Segment Open
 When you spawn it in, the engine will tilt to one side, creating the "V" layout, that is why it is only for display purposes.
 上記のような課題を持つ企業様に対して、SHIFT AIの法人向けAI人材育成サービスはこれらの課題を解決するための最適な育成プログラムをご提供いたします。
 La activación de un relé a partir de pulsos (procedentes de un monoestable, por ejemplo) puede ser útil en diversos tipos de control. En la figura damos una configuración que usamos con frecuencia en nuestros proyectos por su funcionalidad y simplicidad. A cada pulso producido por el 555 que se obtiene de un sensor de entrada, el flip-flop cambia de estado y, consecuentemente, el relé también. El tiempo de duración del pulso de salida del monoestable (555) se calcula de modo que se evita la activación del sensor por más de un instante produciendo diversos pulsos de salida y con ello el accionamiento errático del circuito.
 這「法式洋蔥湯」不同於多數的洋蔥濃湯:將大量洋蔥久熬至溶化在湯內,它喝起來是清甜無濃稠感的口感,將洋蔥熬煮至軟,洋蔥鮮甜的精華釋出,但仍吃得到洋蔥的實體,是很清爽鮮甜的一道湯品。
Segment Closed
Segment Open
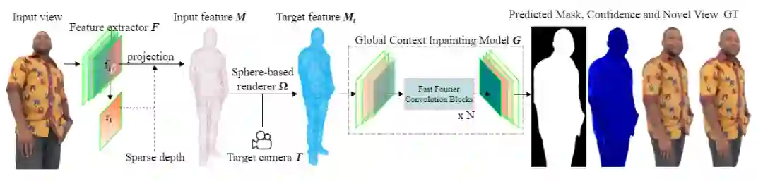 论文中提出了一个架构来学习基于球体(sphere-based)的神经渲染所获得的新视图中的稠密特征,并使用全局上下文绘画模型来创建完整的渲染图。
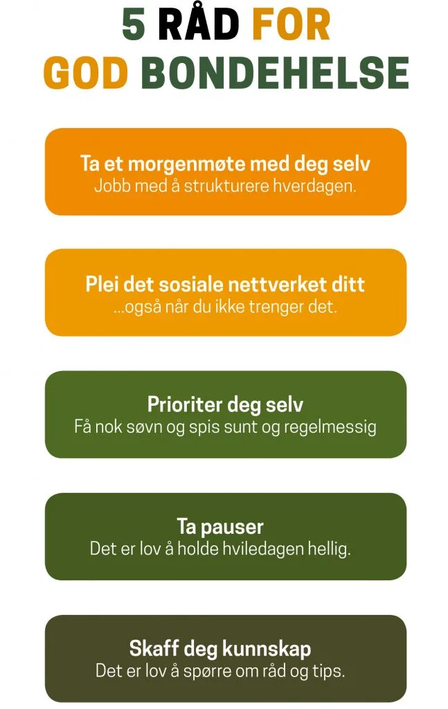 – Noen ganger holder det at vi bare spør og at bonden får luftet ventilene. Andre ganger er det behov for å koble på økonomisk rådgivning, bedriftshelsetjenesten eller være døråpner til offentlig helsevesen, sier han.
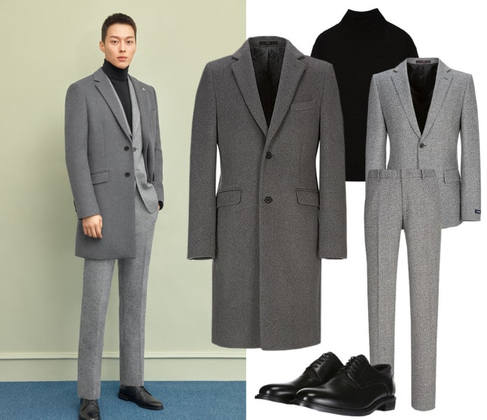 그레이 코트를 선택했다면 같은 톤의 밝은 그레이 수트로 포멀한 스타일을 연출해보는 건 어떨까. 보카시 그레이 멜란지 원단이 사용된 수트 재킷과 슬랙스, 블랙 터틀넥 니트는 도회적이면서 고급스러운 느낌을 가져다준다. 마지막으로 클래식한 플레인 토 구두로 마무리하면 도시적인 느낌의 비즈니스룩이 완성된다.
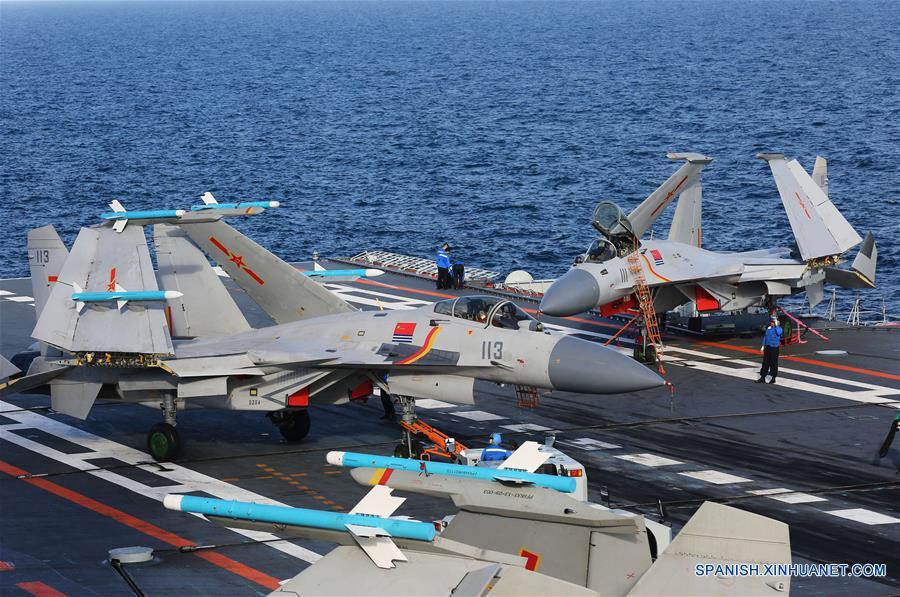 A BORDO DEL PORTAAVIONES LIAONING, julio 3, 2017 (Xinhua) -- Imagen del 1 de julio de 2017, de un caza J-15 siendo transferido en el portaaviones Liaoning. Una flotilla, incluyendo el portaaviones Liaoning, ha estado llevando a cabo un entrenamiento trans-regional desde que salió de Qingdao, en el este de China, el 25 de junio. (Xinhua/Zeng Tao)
Segment Closed
▸ **Goal of the exercise**
For this exercise, please output exactly the lines above starting at the line with "上記のような課題を持つ企業様" and ending at the line with "這「法式洋蔥湯」不同於多數的", ends included.

▸ **Solution to this task**
 上記のような課題を持つ企業様に対して、SHIFT AIの法人向けAI人材育成サービスはこれらの課題を解決するための最適な育成プログラムをご提供いたします。
 La activación de un relé a partir de pulsos (procedentes de un monoestable, por ejemplo) puede ser útil en diversos tipos de control. En la figura damos una configuración que usamos con frecuencia en nuestros proyectos por su funcionalidad y simplicidad. A cada pulso producido por el 555 que se obtiene de un sensor de entrada, el flip-flop cambia de estado y, consecuentemente, el relé también. El tiempo de duración del pulso de salida del monoestable (555) se calcula de modo que se evita la activación del sensor por más de un instante produciendo diversos pulsos de salida y con ello el accionamiento errático del circuito.
 這「法式洋蔥湯」不同於多數的洋蔥濃湯:將大量洋蔥久熬至溶化在湯內,它喝起來是清甜無濃稠感的口感,將洋蔥熬煮至軟,洋蔥鮮甜的精華釋出,但仍吃得到洋蔥的實體,是很清爽鮮甜的一道湯品。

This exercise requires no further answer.